• Data extracts:

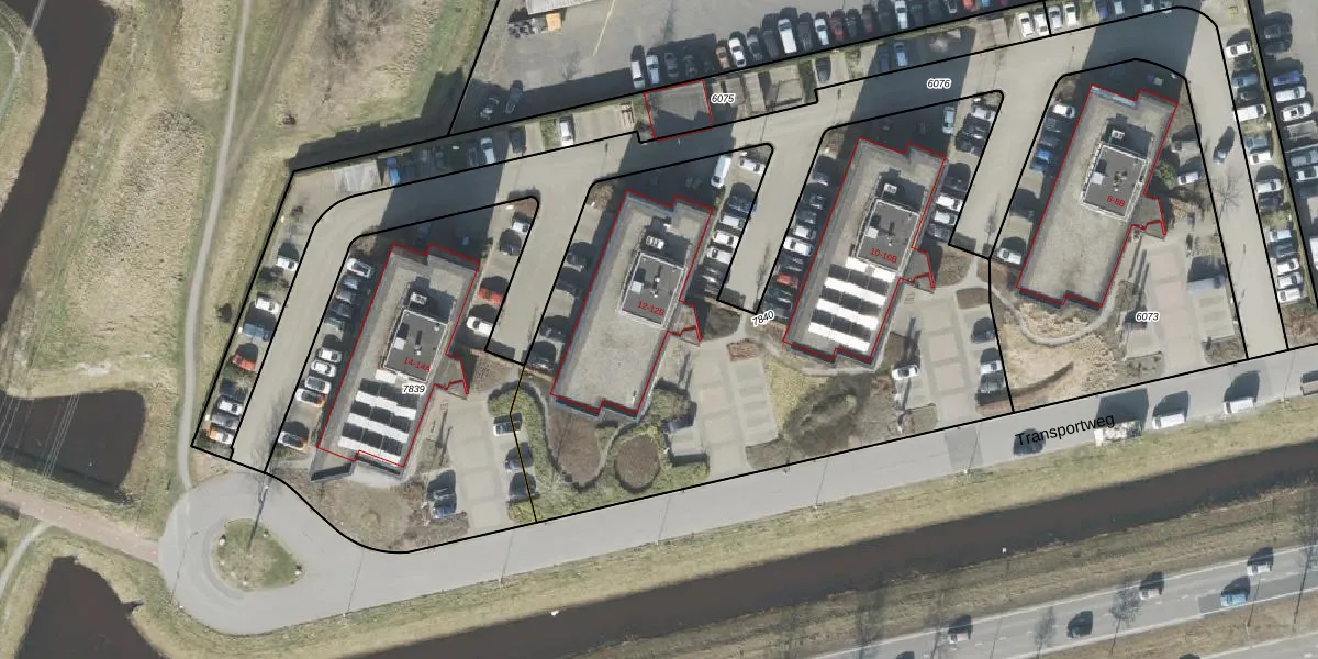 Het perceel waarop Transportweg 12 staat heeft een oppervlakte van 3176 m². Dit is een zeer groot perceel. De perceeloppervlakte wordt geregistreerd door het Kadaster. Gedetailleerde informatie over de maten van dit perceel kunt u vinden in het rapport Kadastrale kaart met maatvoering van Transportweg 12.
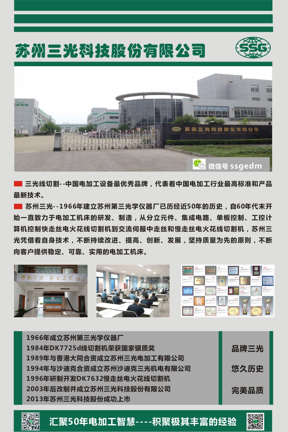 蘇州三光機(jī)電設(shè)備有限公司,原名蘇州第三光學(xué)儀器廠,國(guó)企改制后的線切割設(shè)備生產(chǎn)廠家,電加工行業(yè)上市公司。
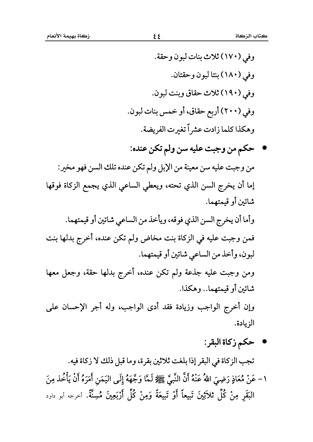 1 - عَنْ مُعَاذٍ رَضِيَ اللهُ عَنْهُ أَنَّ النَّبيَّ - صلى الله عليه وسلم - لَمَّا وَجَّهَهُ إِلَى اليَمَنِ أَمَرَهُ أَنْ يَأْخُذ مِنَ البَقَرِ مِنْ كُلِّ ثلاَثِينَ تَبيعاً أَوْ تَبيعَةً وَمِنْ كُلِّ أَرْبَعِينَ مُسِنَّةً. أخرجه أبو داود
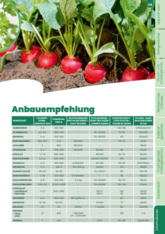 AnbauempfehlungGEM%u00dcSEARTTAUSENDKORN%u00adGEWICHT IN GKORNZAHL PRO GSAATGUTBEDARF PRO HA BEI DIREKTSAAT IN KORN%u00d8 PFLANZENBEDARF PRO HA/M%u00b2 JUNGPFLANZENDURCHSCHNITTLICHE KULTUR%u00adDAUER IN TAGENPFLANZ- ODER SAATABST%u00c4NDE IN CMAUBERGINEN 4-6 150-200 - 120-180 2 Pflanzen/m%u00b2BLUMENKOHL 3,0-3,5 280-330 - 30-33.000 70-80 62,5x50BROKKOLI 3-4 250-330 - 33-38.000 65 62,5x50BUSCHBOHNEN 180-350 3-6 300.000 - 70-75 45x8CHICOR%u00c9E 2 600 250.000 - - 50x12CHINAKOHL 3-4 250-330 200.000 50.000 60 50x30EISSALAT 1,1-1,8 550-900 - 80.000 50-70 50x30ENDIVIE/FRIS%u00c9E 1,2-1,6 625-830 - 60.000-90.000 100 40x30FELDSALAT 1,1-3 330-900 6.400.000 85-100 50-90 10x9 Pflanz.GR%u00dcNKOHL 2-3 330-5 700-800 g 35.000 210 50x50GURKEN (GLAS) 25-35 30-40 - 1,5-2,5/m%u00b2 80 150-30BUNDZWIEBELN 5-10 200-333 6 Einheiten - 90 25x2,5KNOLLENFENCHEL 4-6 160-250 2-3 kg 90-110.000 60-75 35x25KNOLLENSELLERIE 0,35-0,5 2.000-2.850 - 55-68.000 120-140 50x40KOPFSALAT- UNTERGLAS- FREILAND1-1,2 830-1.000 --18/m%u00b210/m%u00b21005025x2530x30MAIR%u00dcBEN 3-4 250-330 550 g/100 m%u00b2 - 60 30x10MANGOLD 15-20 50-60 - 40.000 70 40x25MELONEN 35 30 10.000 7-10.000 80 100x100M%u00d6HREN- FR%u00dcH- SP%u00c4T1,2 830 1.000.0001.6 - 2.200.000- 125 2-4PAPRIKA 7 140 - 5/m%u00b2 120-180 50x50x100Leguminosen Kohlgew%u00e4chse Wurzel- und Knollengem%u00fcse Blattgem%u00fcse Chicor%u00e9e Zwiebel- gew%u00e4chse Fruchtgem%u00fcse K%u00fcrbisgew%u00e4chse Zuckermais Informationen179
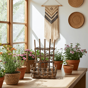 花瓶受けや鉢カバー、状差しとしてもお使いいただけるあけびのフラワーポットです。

---

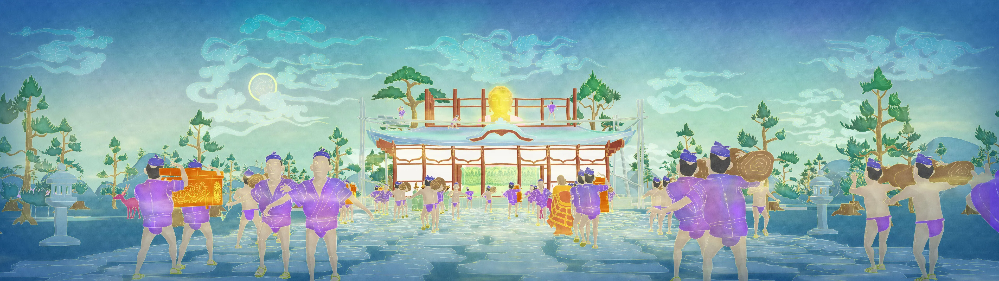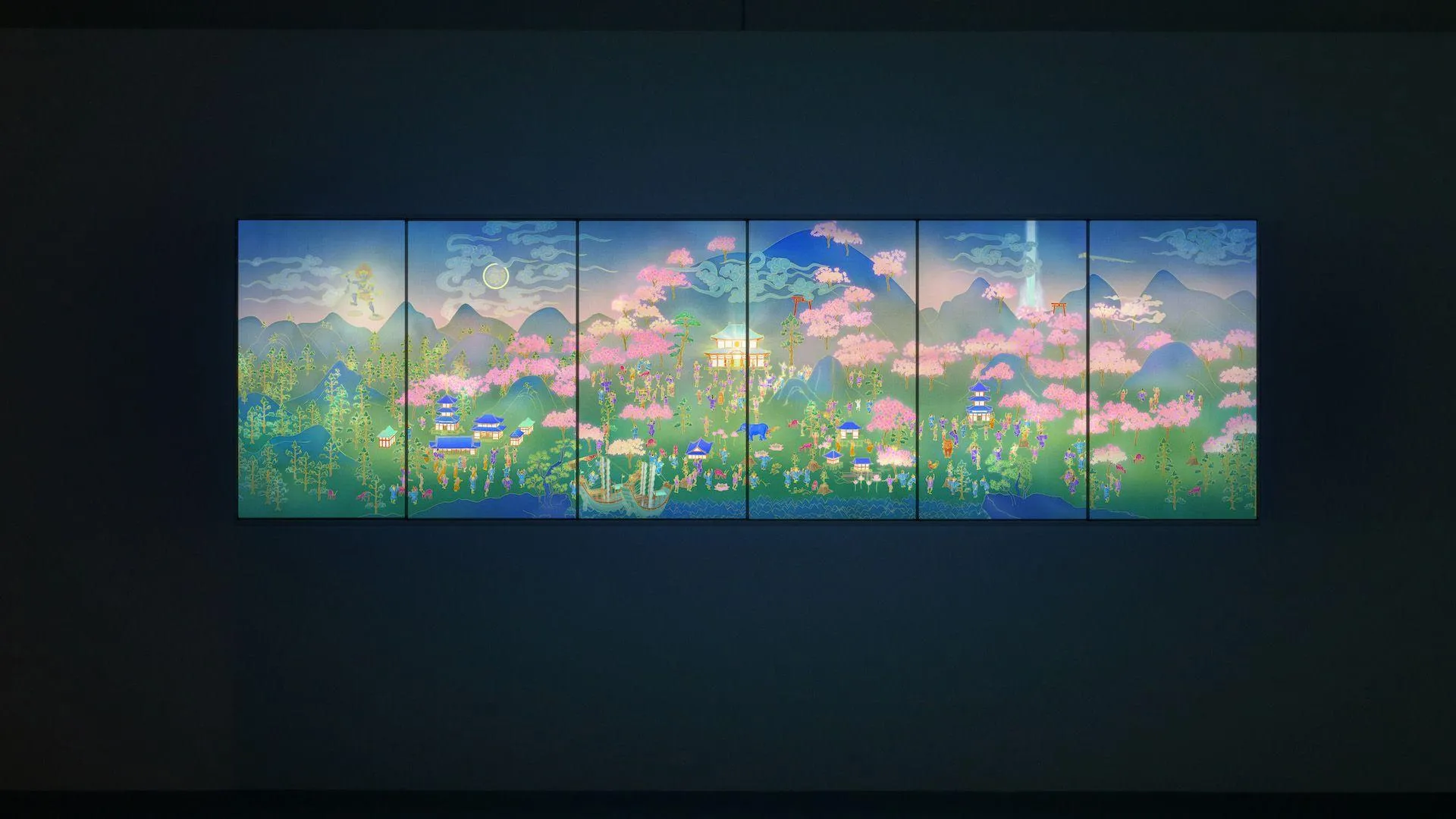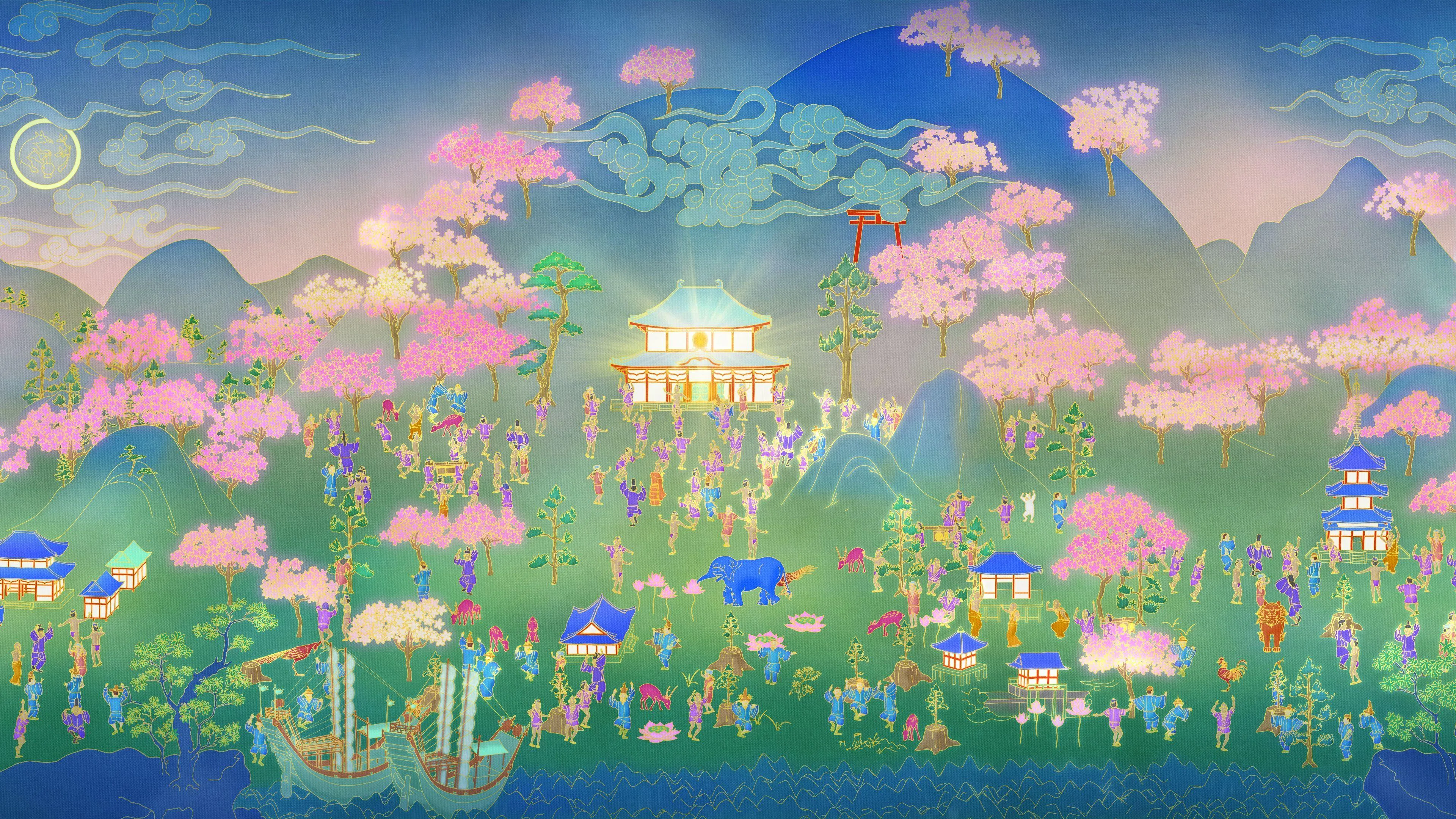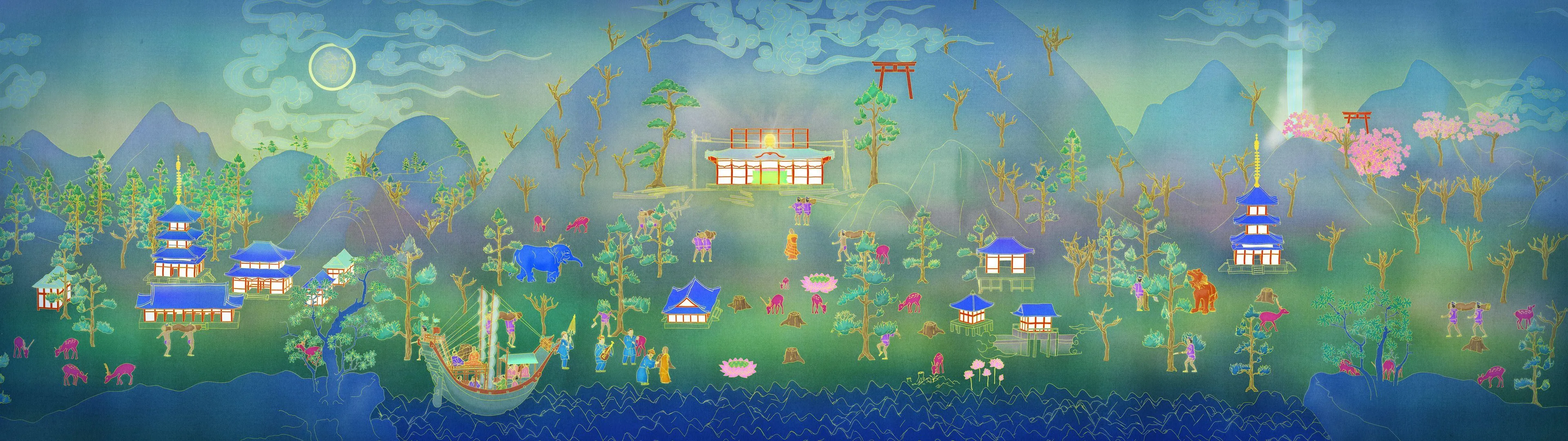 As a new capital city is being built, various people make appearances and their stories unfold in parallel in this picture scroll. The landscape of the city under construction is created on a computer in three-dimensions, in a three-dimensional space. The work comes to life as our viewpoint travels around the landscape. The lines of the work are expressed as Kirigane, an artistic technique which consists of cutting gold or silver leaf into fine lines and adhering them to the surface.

• Your goal: What you return must match the lines above from the one with "Het perceel waarop" through the one with "花瓶受けや鉢カバー、状差しとしてもお使いいただけるあけびのフラワーポットです。" exactly, with both ends included and the pictures excluded.

• Task response:
 Het perceel waarop Transportweg 12 staat heeft een oppervlakte van 3176 m². Dit is een zeer groot perceel. De perceeloppervlakte wordt geregistreerd door het Kadaster. Gedetailleerde informatie over de maten van dit perceel kunt u vinden in het rapport Kadastrale kaart met maatvoering van Transportweg 12.
 蘇州三光機(jī)電設(shè)備有限公司,原名蘇州第三光學(xué)儀器廠,國(guó)企改制后的線切割設(shè)備生產(chǎn)廠家,電加工行業(yè)上市公司。
 1 - عَنْ مُعَاذٍ رَضِيَ اللهُ عَنْهُ أَنَّ النَّبيَّ - صلى الله عليه وسلم - لَمَّا وَجَّهَهُ إِلَى اليَمَنِ أَمَرَهُ أَنْ يَأْخُذ مِنَ البَقَرِ مِنْ كُلِّ ثلاَثِينَ تَبيعاً أَوْ تَبيعَةً وَمِنْ كُلِّ أَرْبَعِينَ مُسِنَّةً. أخرجه أبو داود
 AnbauempfehlungGEM%u00dcSEARTTAUSENDKORN%u00adGEWICHT IN GKORNZAHL PRO GSAATGUTBEDARF PRO HA BEI DIREKTSAAT IN KORN%u00d8 PFLANZENBEDARF PRO HA/M%u00b2 JUNGPFLANZENDURCHSCHNITTLICHE KULTUR%u00adDAUER IN TAGENPFLANZ- ODER SAATABST%u00c4NDE IN CMAUBERGINEN 4-6 150-200 - 120-180 2 Pflanzen/m%u00b2BLUMENKOHL 3,0-3,5 280-330 - 30-33.000 70-80 62,5x50BROKKOLI 3-4 250-330 - 33-38.000 65 62,5x50BUSCHBOHNEN 180-350 3-6 300.000 - 70-75 45x8CHICOR%u00c9E 2 600 250.000 - - 50x12CHINAKOHL 3-4 250-330 200.000 50.000 60 50x30EISSALAT 1,1-1,8 550-900 - 80.000 50-70 50x30ENDIVIE/FRIS%u00c9E 1,2-1,6 625-830 - 60.000-90.000 100 40x30FELDSALAT 1,1-3 330-900 6.400.000 85-100 50-90 10x9 Pflanz.GR%u00dcNKOHL 2-3 330-5 700-800 g 35.000 210 50x50GURKEN (GLAS) 25-35 30-40 - 1,5-2,5/m%u00b2 80 150-30BUNDZWIEBELN 5-10 200-333 6 Einheiten - 90 25x2,5KNOLLENFENCHEL 4-6 160-250 2-3 kg 90-110.000 60-75 35x25KNOLLENSELLERIE 0,35-0,5 2.000-2.850 - 55-68.000 120-140 50x40KOPFSALAT- UNTERGLAS- FREILAND1-1,2 830-1.000 --18/m%u00b210/m%u00b21005025x2530x30MAIR%u00dcBEN 3-4 250-330 550 g/100 m%u00b2 - 60 30x10MANGOLD 15-20 50-60 - 40.000 70 40x25MELONEN 35 30 10.000 7-10.000 80 100x100M%u00d6HREN- FR%u00dcH- SP%u00c4T1,2 830 1.000.0001.6 - 2.200.000- 125 2-4PAPRIKA 7 140 - 5/m%u00b2 120-180 50x50x100Leguminosen Kohlgew%u00e4chse Wurzel- und Knollengem%u00fcse Blattgem%u00fcse Chicor%u00e9e Zwiebel- gew%u00e4chse Fruchtgem%u00fcse K%u00fcrbisgew%u00e4chse Zuckermais Informationen179
 花瓶受けや鉢カバー、状差しとしてもお使いいただけるあけびのフラワーポットです。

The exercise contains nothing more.